Certain direct and indirect general and administrative costs incurred by
CPS and COP were paid for by Columbus and reimbursed by CPS and COP. The
following table sets forth reimbursements (included with operating and
management services revenue) received for each period from COP.
G & A
Allocated
Year Ended November 30, 1996 $ 5,000
Year Ended November 30, 1995 11,000
Year Ended November 30, 1994 22,000
Reimbursement is made by Resources to Columbus for services provided by
Columbus officers and employees for managing Resources and reduces general and
administrative expense. This reimbursement totaled $296,000 for fiscal 1996 and
$213,000 for the nine months in 1995 following the divestiture of Resources.
(8) CAPITAL STOCK
Columbus has several stock option plans with outstanding options. Under the
1985 Plan, options for 73,431 shares were exercisable at November 30, 1996. No
additional options may be granted under the 1985 Plan. At November 30, 1995,
87,360 shares were exercisable.
Under the 1995 Plan, as of November 30, 1996, 141,044 option shares
remained available for granting, and options for 180,434 shares were
exercisable. At November 30, 1995, 220,185 shares were available for granting,
and options for 166,830 shares were exercisable.
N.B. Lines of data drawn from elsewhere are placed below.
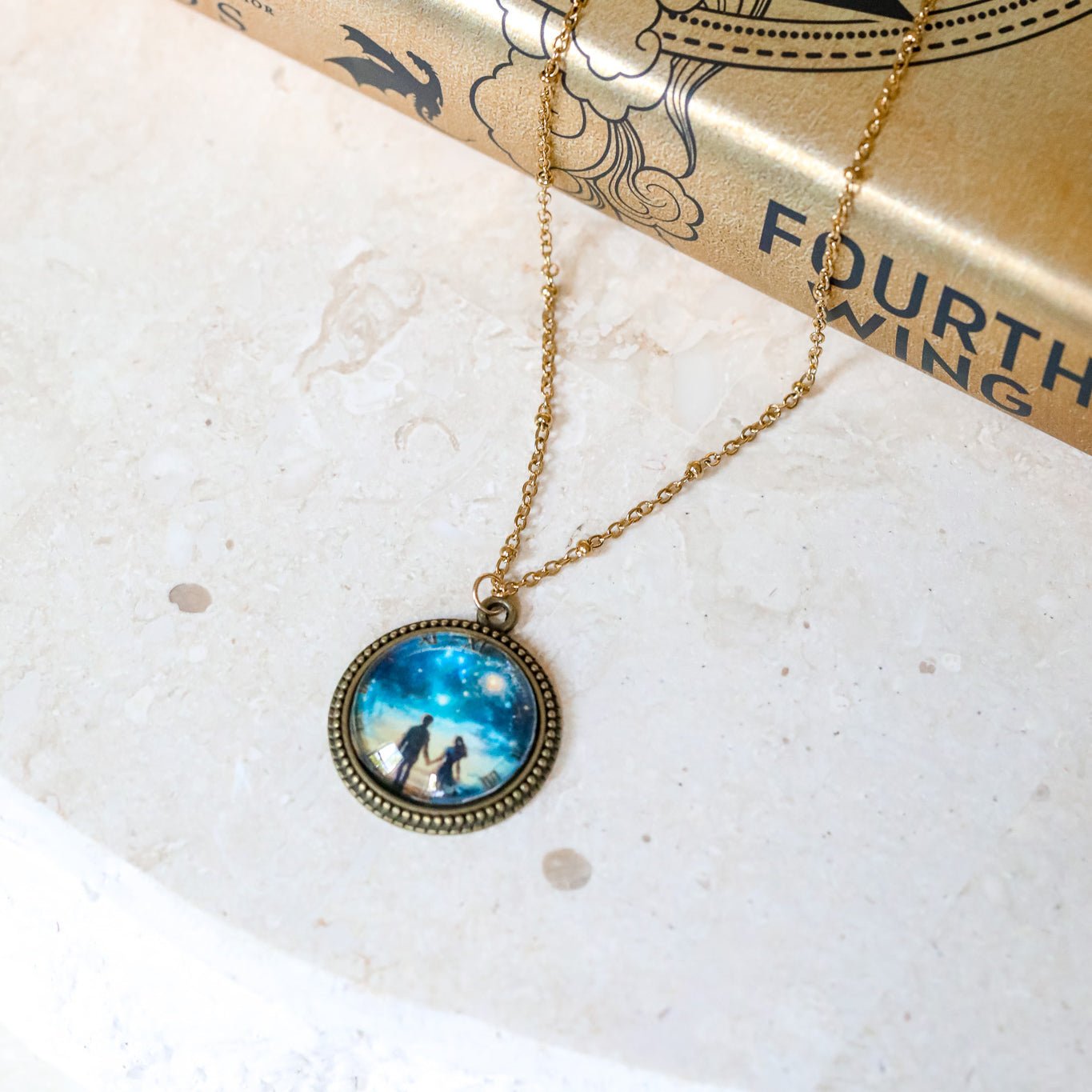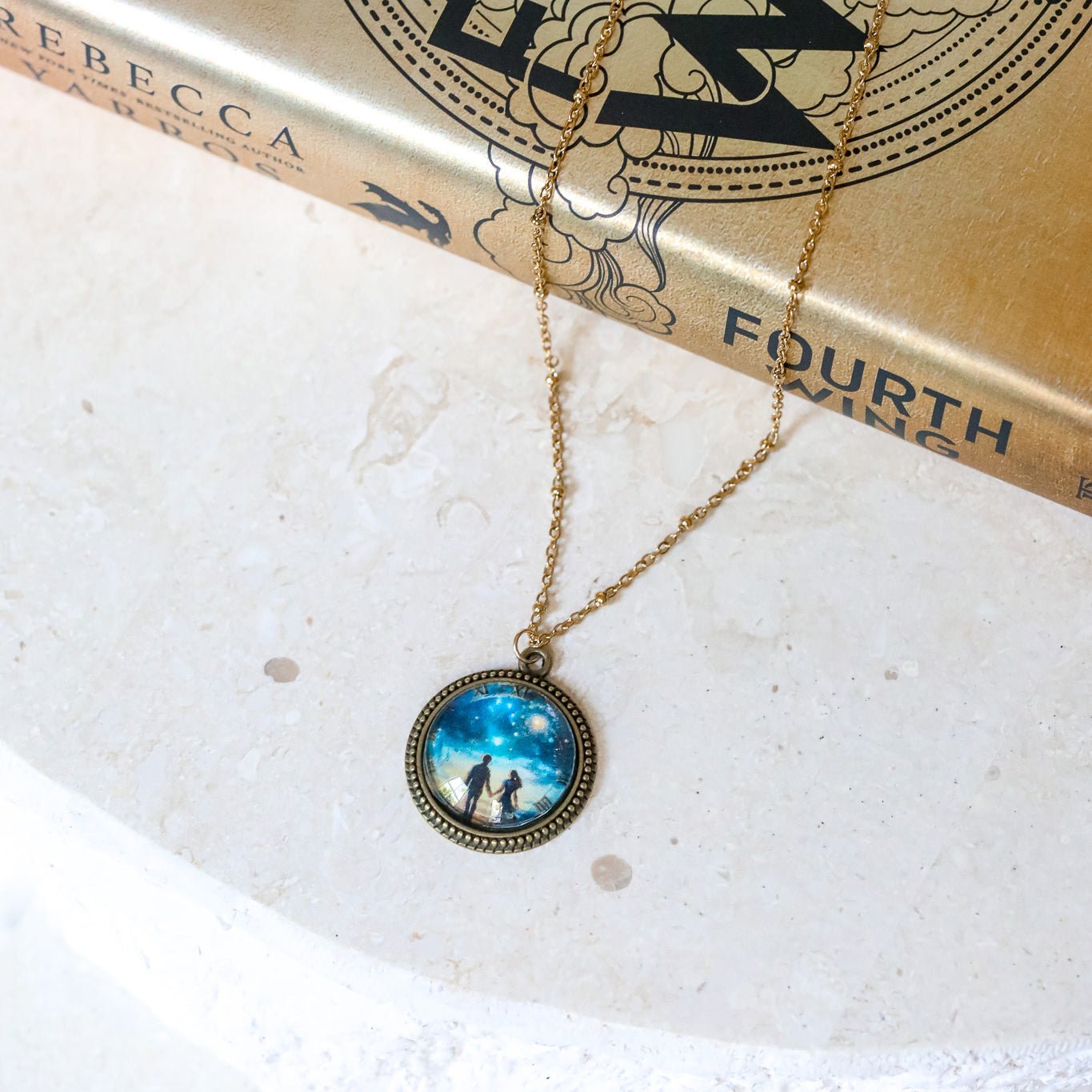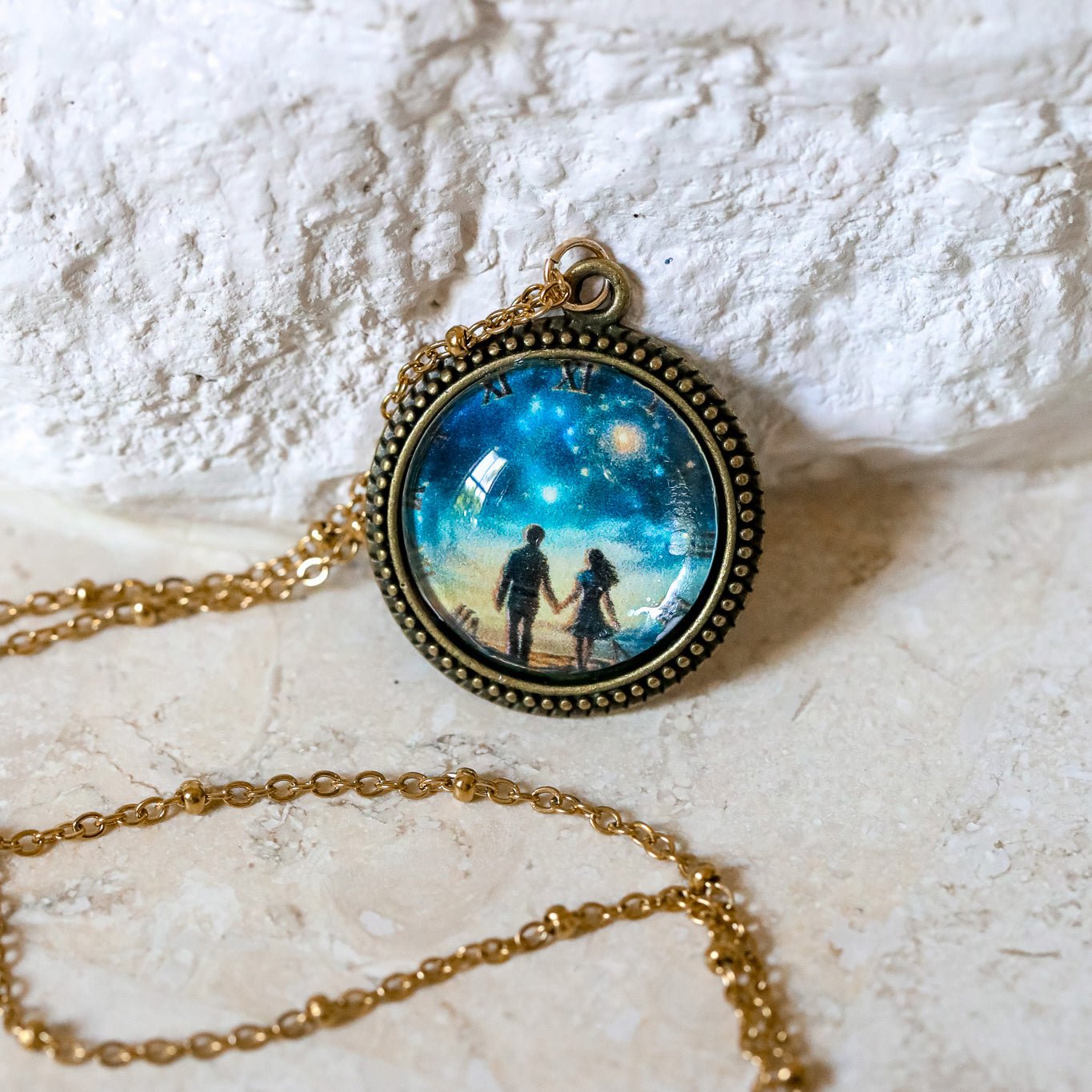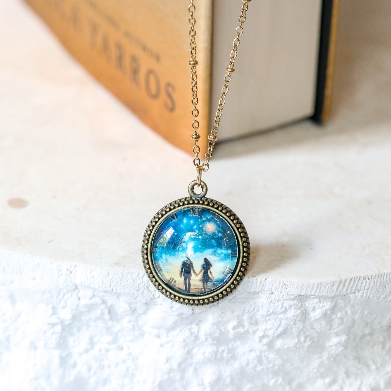 Anyone else obsessed with Romantasy? 🌹 This necklace was inspired by one of the most beloved Tropes: Fated Mates. A custom cameo of a couple, surrounded by the hands of a clock. Hangs from a stainless steel satellite chain.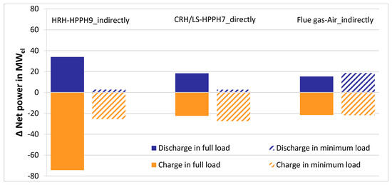 Figure 4 shows in this context the change in the net capacity during charging and discharging processes of the TES lead concepts in full load and minimum load of the power plant. The charging and discharging is partly carried out with different thermal capacities, which were determined in advance under consideration of limitations from the power plant process (e.g., minimum flow through the steam generator and steam turbine, maximum possible overload of the steam generator). For example, in the HRH-HPPH9_indirectly concept, a maximum possible thermal load capacity of 28 MWth is available for charging at the minimum load due to the minimum flow rate of the MP turbine to be taken into account, accompanied by a reduction of the net capacity by 25 MWel. Charging at full load can take place with a significantly higher thermal output of 80 MWth, which consequently results in a stronger effect on the net output of 74 MWel. Load-dependent thermal powers also come into play during the discharge, since, for example, the discharge in the direction of the high-pressure preheating section can at most replace the respective bleed steam at the integration point. Since the mass flows at the tappings decrease in the direction of partial load during normal operation, the achievable increase in net output during discharge also decreases significantly in the case of the two lead concepts concerned as the load on the power plant decreases.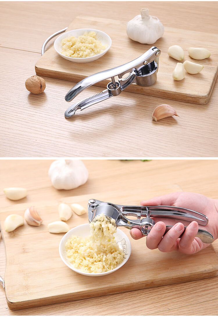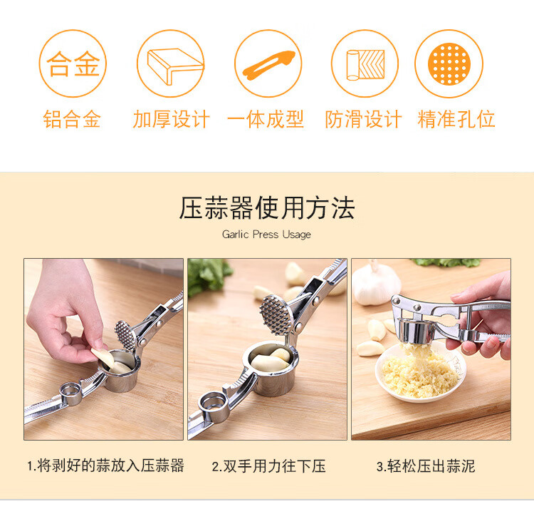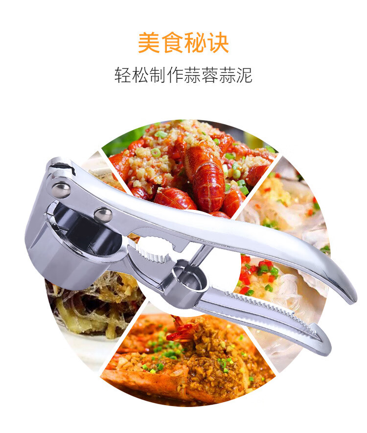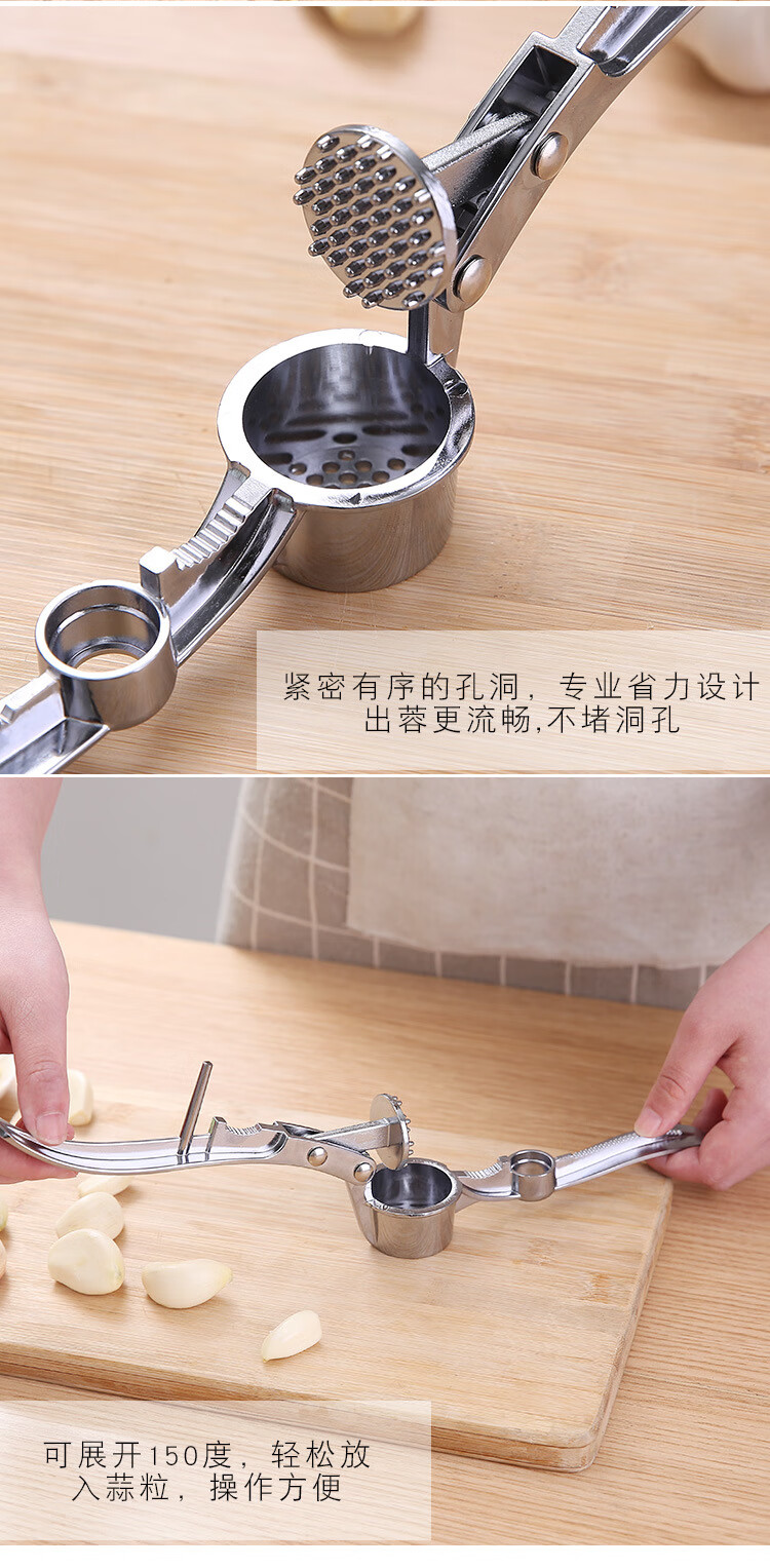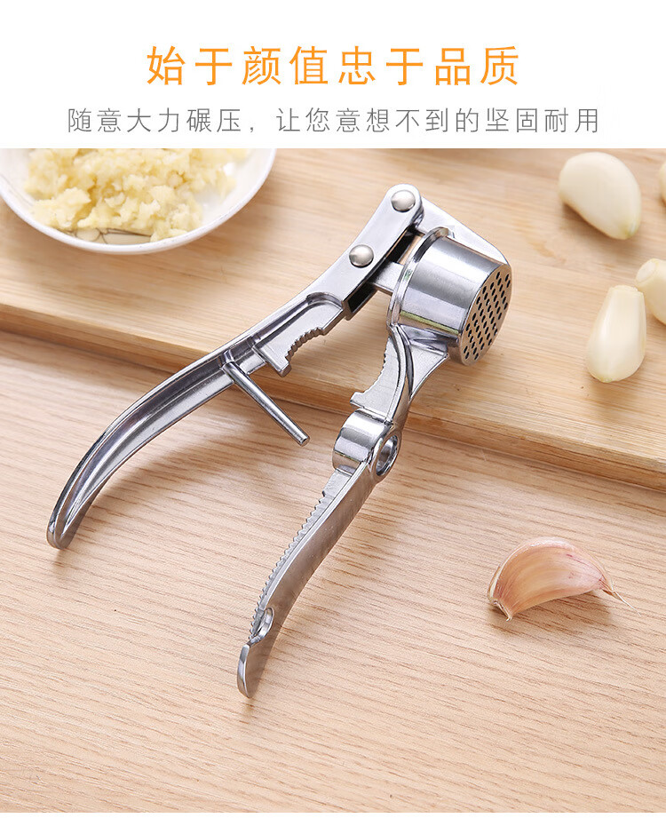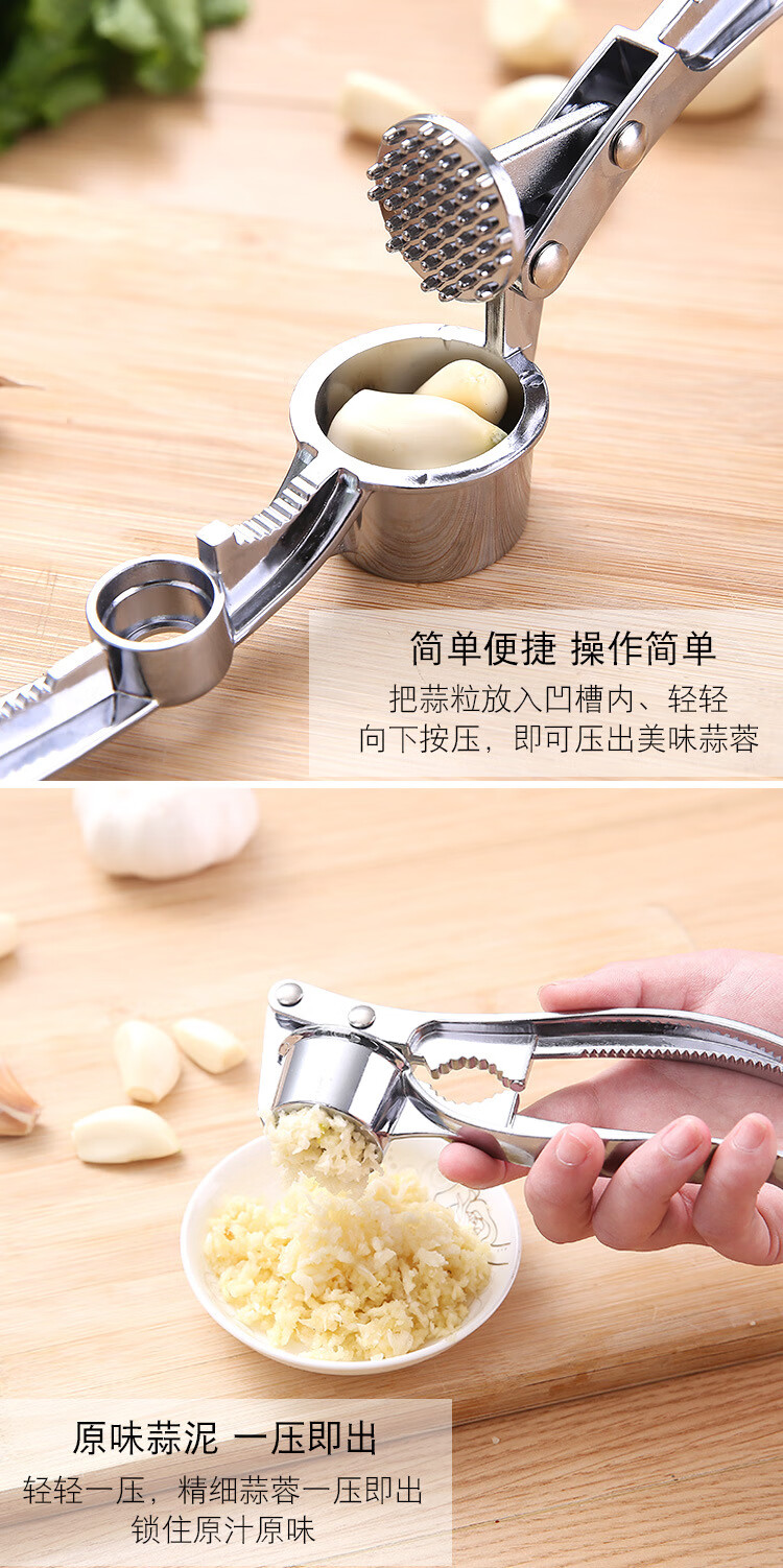 Fat Donglai's same extra-large garlic press, garlic masher, garlic tongs, multi-functional zinc alloy stainless steel manual pull type, medium garlic press (4-in-1)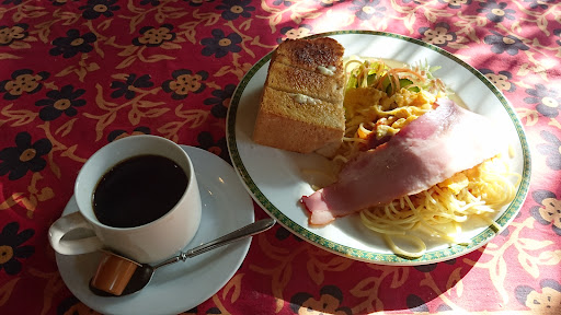 懐かしい雰囲気の喫茶店。 ドリンクメニューは少な目。 モーニングのブランチセットを食べました。 モーニングのパンは4種類から選べます。悩んで胚芽パンにしました。 ブランチセットはハムかベーコン、スクランブルエッグか目玉焼きが選べます。ベーコンとスクランブルエッグを選びました。 ミートソースがかかったパスタの上に、ベーコンとスクランブルエッグが豪快に載っています。 ベーコンはカリカリではなく、しっとり柔らかい感じです。 パスタはこしがあっておいしい。ミートソース、スクランブルエッグと相性抜群です。 パンも素朴な感じでおいしい。 朝からお...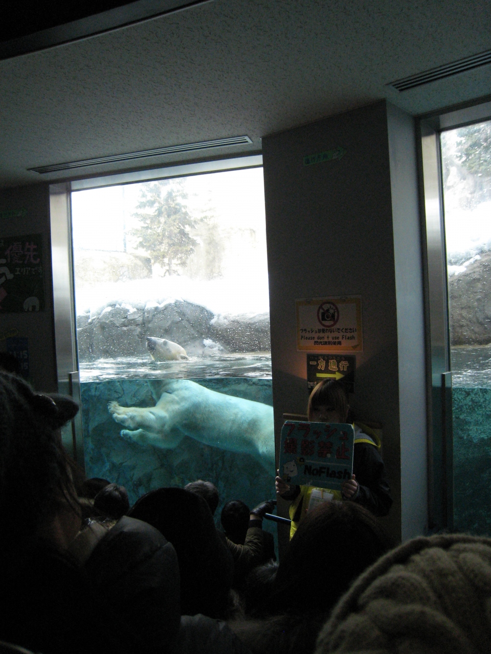 旭山動物園では、テレビ番組でおなじみの動物たちが,間近で見られると意気込んでいたのですが、この寒さの中、動物たちは、観光客などおかまいなく、自分たち本来の行動です。

The Board of Directors has granted nonqualified stock options of which
there were 92,196 exercisable at November 30, 1996 and 5,296 shares were
exercisable at November 30, 1995.
64
<PAGE>
COLUMBUS ENERGY CORP.
NOTES TO THE CONSOLIDATED FINANCIAL STATEMENTS - (continued)
Options are granted at 100% of fair market value on date of grant. The
following table represents a summary of stock option transactions for the three
years ended November 30, 1996:
Shares Option Price
Balance, November 30, 1993 180,018 $ 3.72 to $ 8.42
Granted 202,829 8.26 to 8.47
Exercised (39,924) 4.13 to 7.70
Expired (5,897) 4.86 to 8.26
--------
Balance, November 30, 1994 337,026 3.72 to 8.47
Granted 181,965 6.44 to 7.94
Exercised (40,227) 3.72 to 5.89
Expired, exchanged or
surrendered (196,745) 5.89 to 8.47
--------
Balance, November 30, 1995 282,019 4.34 to 8.47
Granted 245,800 5.25 to 10.63
Exercised (161,433) 4.34 to 8.30
Expired or exchanged (10,603) 6.44 to 8.30
--------
Balance, November 30, 1996 355,783 4.85 to 10.63
========
As of August 1, 1995, the Board of Directors authorized an exchange of new
stock option grants at the closing price ($6.625) on that date which equaled 80%
of all previously granted stock options. These could be surrendered at the
election of the holder provided that the holder previously had his monthly
salary reduced as a part of the downsizing and administrative cost reduction
program. Share options in the amount of 170,521 granted at prices from $5.87 to
$8.47 were canceled and 66,015 share options were reissued as of August 1, 1995
and 70,400 non-statutory share options were reissued on February 5, 1996 at the
fair market value of the Company shares on that date.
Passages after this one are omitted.